## REQUIRED WORK
Whatever lies between the line with "Office Drawer Organizer, 2" and the end of the data, both included, must be copied exactly and without pictures.

(PROVIDED ENTRIES Opens)

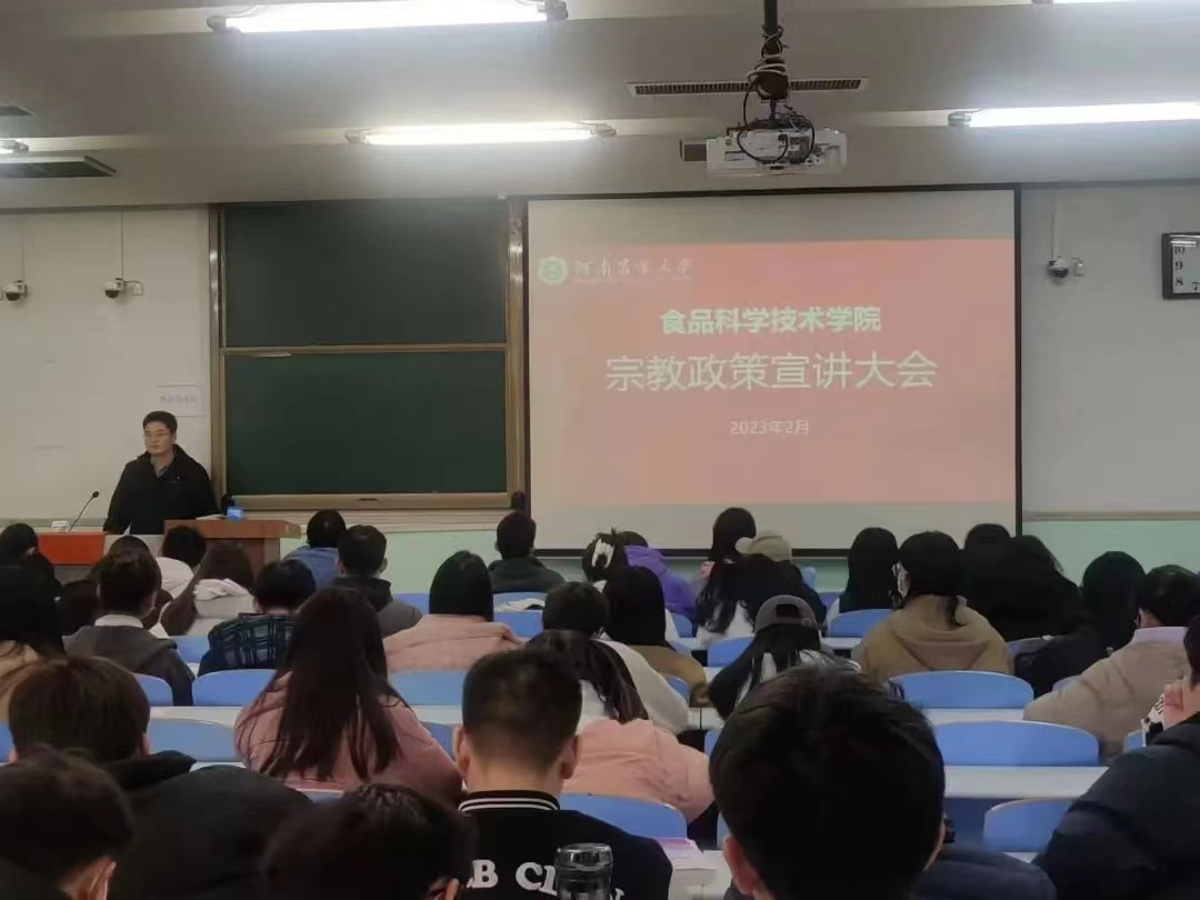 于文化路校区工程楼召开宗教政策宣讲大会,院团委书记路平、院团委副书记陈翔、院辅导员张金龙出席会议,探花
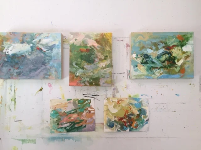Currently, my work is showing subtle changes, tighter spaces and abrupt junctions between marks, color, and new forms are emerging. All aspects of natural forms, real and imagined, are explored. References are the sky and land – a departure from water.
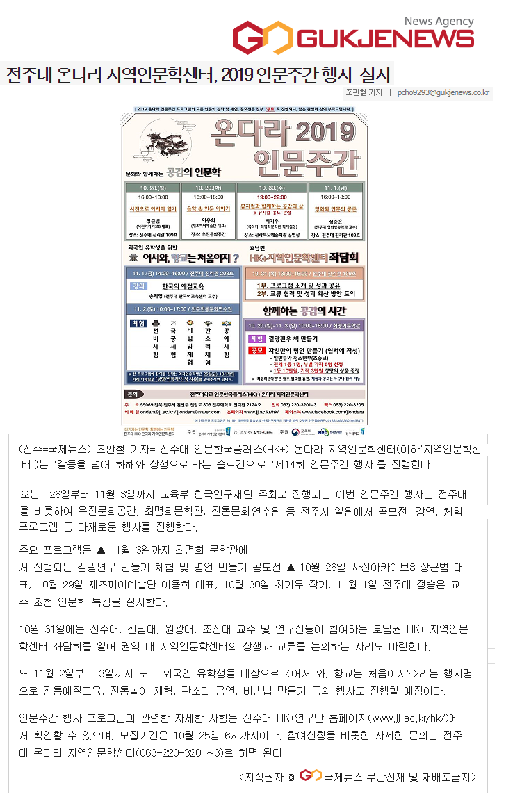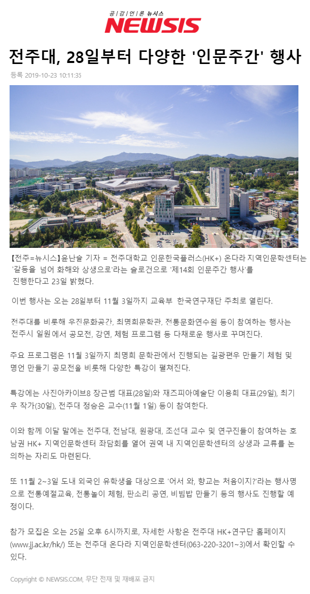 | 210 | 기타 | 전주대 온다라 지역인문학센터, 2019 인문주간 행사 실시 | 온다라 지역인문학센터 | 20-02-03 | 215 |
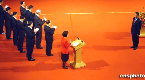 澳門特別行政區(qū)第二屆政府主要官員宣誓就職,行政長(zhǎng)官何厚鏵監(jiān)誓。作者:梁永強(qiáng)
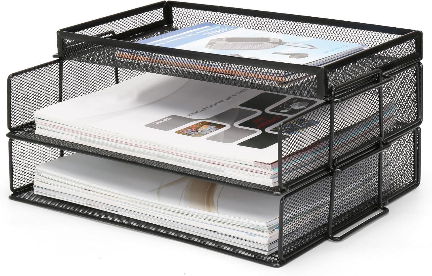 Office Drawer Organizer, 2 Tiers Stackable Paper Tray Organizer for Desk, Standing Papers File, Black Mesh/Office File Collation
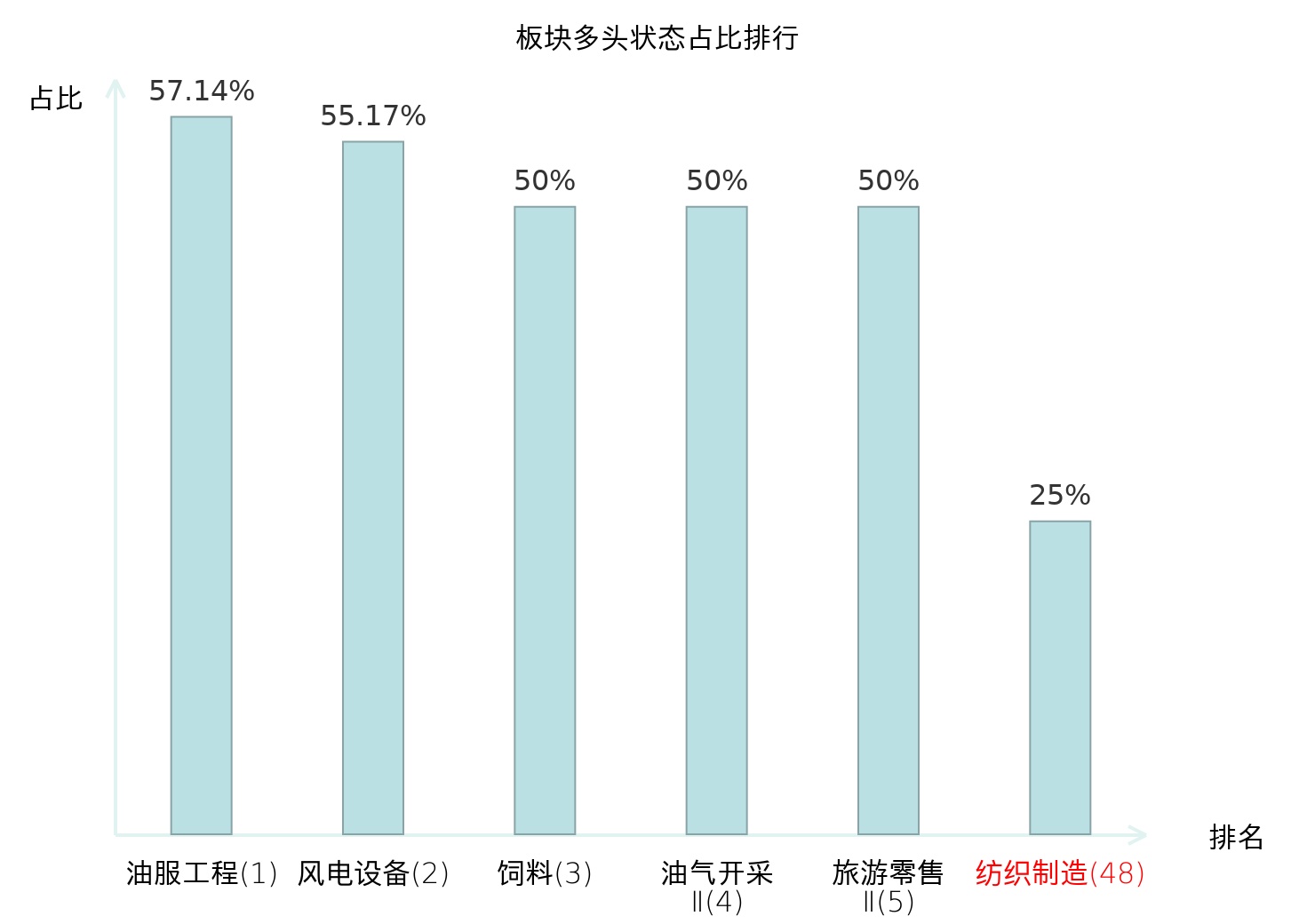 全市场所有行业板块中主力多头状态占比排名中,油服工程板块位居第一。非金属材料Ⅱ板块名次提升最快,较昨日上升67位。

(PROVIDED ENTRIES Closes)

## EXPECTED OUTPUT
 Office Drawer Organizer, 2 Tiers Stackable Paper Tray Organizer for Desk, Standing Papers File, Black Mesh/Office File Collation
 全市场所有行业板块中主力多头状态占比排名中,油服工程板块位居第一。非金属材料Ⅱ板块名次提升最快,较昨日上升67位。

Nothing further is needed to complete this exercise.